# 61.5 Spot Beam Coverage



## poolman

Can anyone tell where to find Spot Beam maps for 61.5? I am specifically interested in 13s15,
Thank you


----------



## harsh

The Echostar Knowledge Database spotbeam and coverage maps place the spotbeam 15 center somewhere near Wichita, Kansas. Pretty much dead center in the continental US.


----------



## poolman

Harsh:
Thanks for the reply.
I don't think spot beam 15 from TP 13 on 61.5 could be focused on Kansas as it is for HD channels from Buffalo, NY.
I have been unable to find any spot beam maps in the knowledge base for Echostar 12 @ 61.5.
Perhaps I may have missed something.


----------



## harsh

I'll assume that you're not using Firefox or some other browser that makes searching for the word "spot" easy.
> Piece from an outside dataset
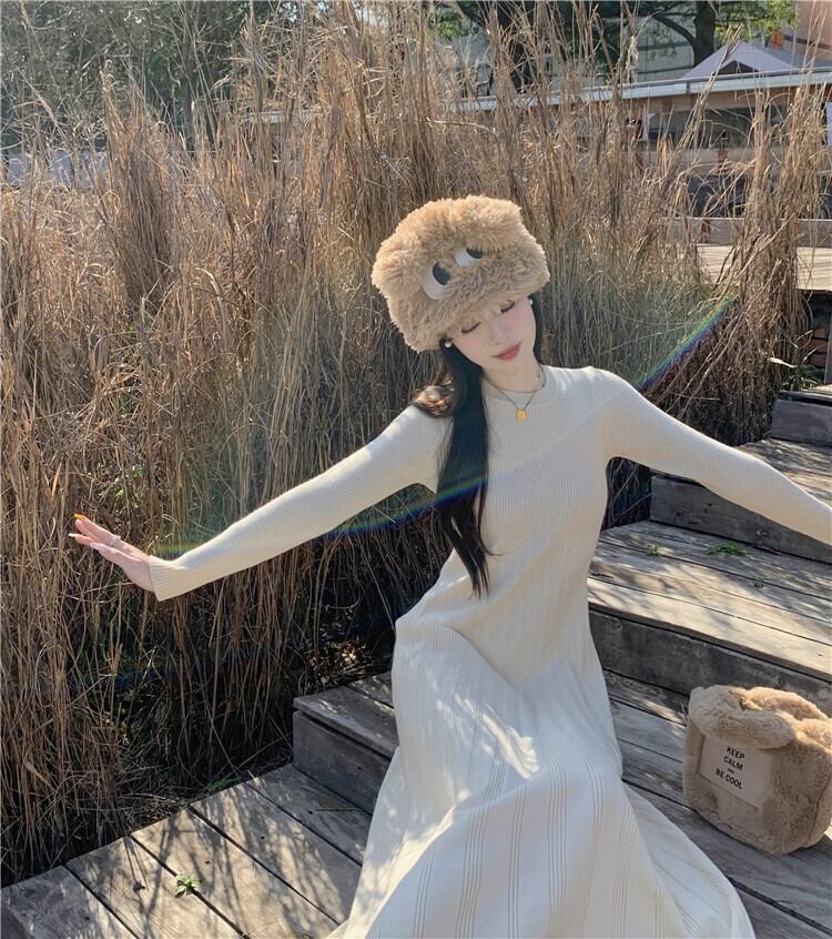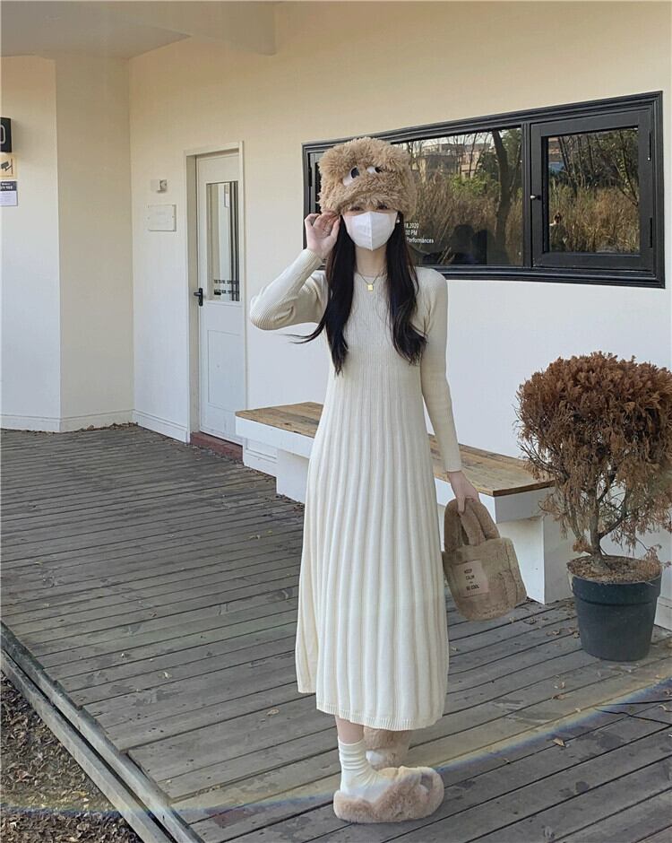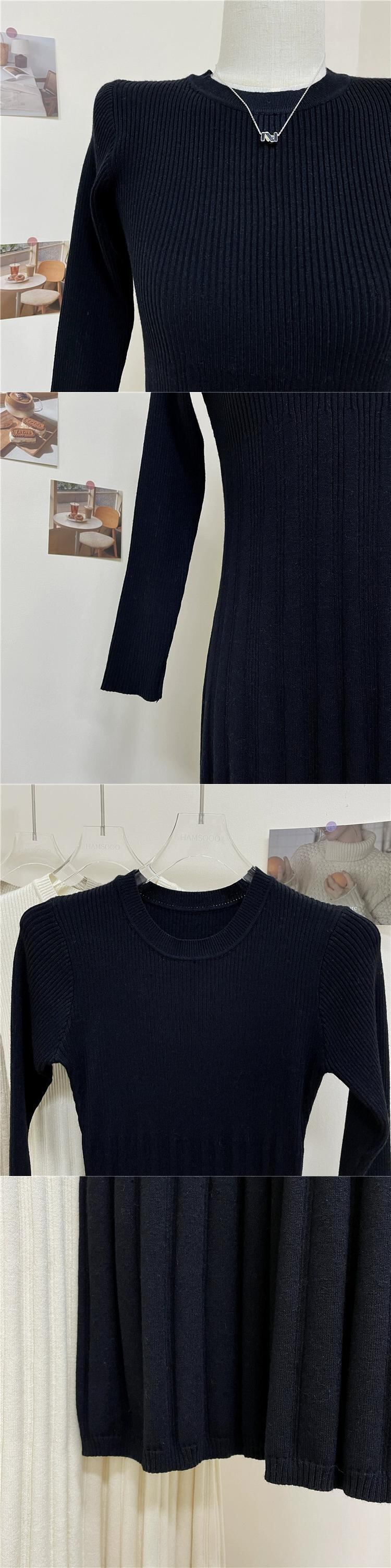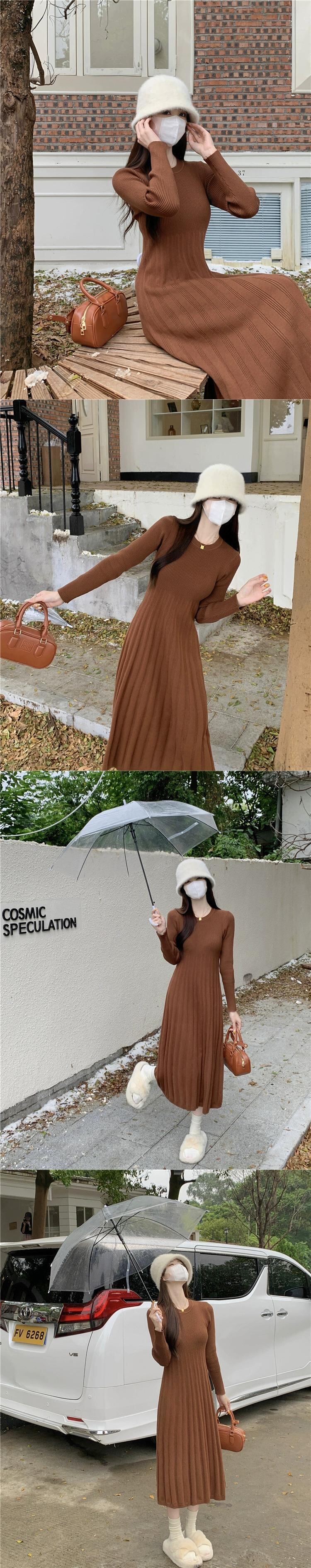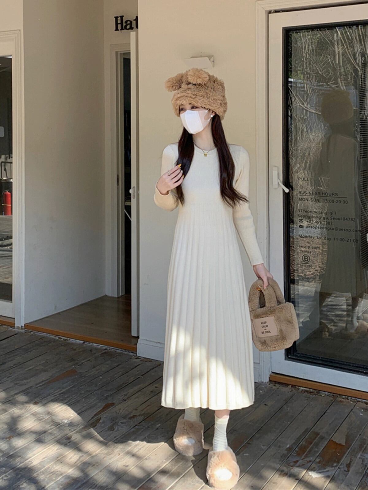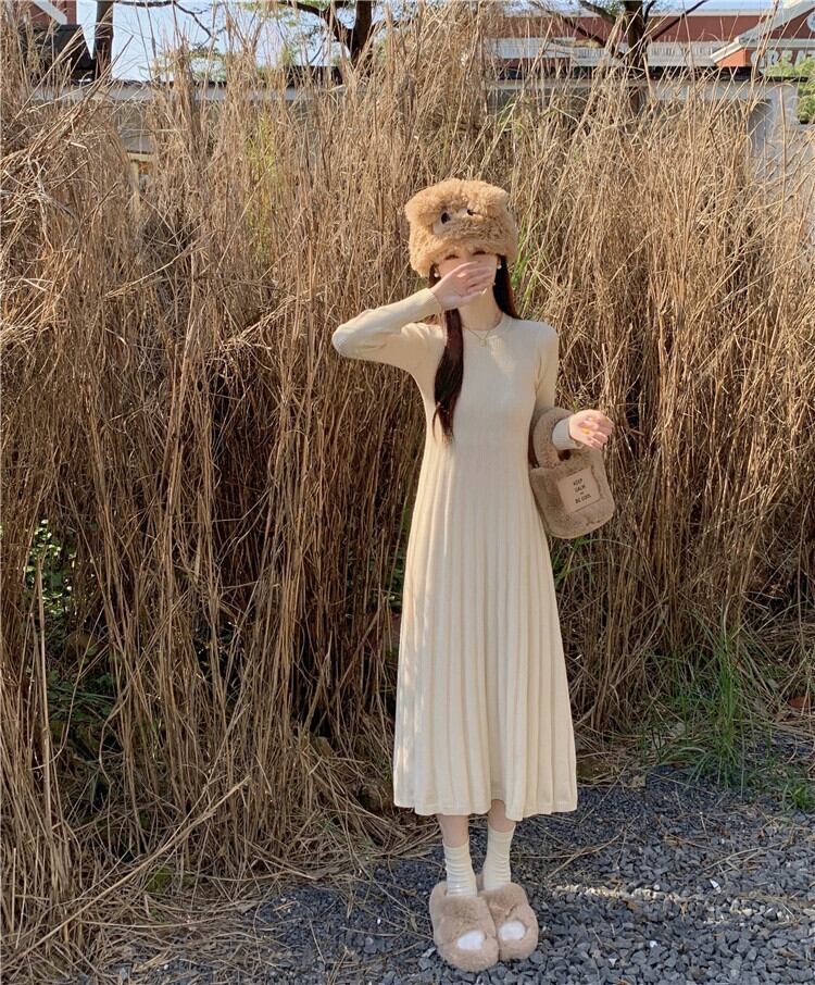 プリーツニット長袖ドレスの女性の秋と冬 2023 新しいフレンチスタイルウエスト痩身ミッドレングスボトスカート ロング オータム 秋物 ウィンター 冬物 missk79114893862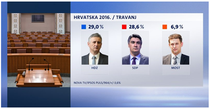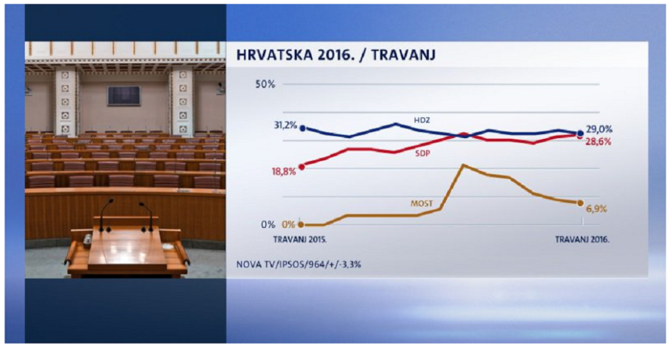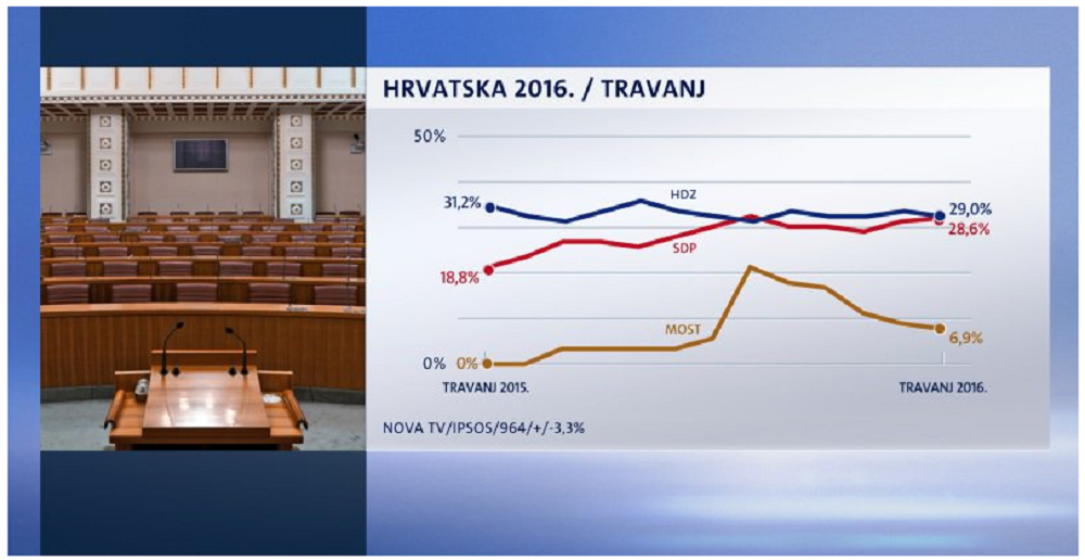 HDZ u ovom trenutku, prema rezultatima uživa potporu 29,0 posto birača, a SDP može računati na 28,6 posto birača. MOST je travanj završio na 6,9 posto ili skoro jedan postotni poen manje.

Try this link (it is the third topic on the front page of the EKB): http://www.ekb.dbstalk.com/satmaps.htm

Another helpful tip: Echostar 12 was originally known as Rainbow 1.

Another important fact that can be found in the EKB is that Buffalo, NY locals aren't available yet.

A fact not covered in the EKB is that reception of DISH Network programming in Canada is a violation of Canadian law, FCC policy and international treaty.


----------



## bruin95

Uh...forgive me, but what does this have to do with FTA?


----------



## James Long

The direct ekb link to the best map we have is http://ekb.dbstalk.com/pictures/rldbs1.gif

Buffalo is on S4 by the numbering on that map, transponder 13.
The channels are NOT available to customers ... so you shouldn't be seeing them.

And if you live in the "Ontario" near Buffalo that I'm thinking of you shouldn't be seeing them even when DISH makes them active. That is a violation of Canadian law, poolman!

And as this is apparently a discussion about violating the law it must end ...

Closing.


----------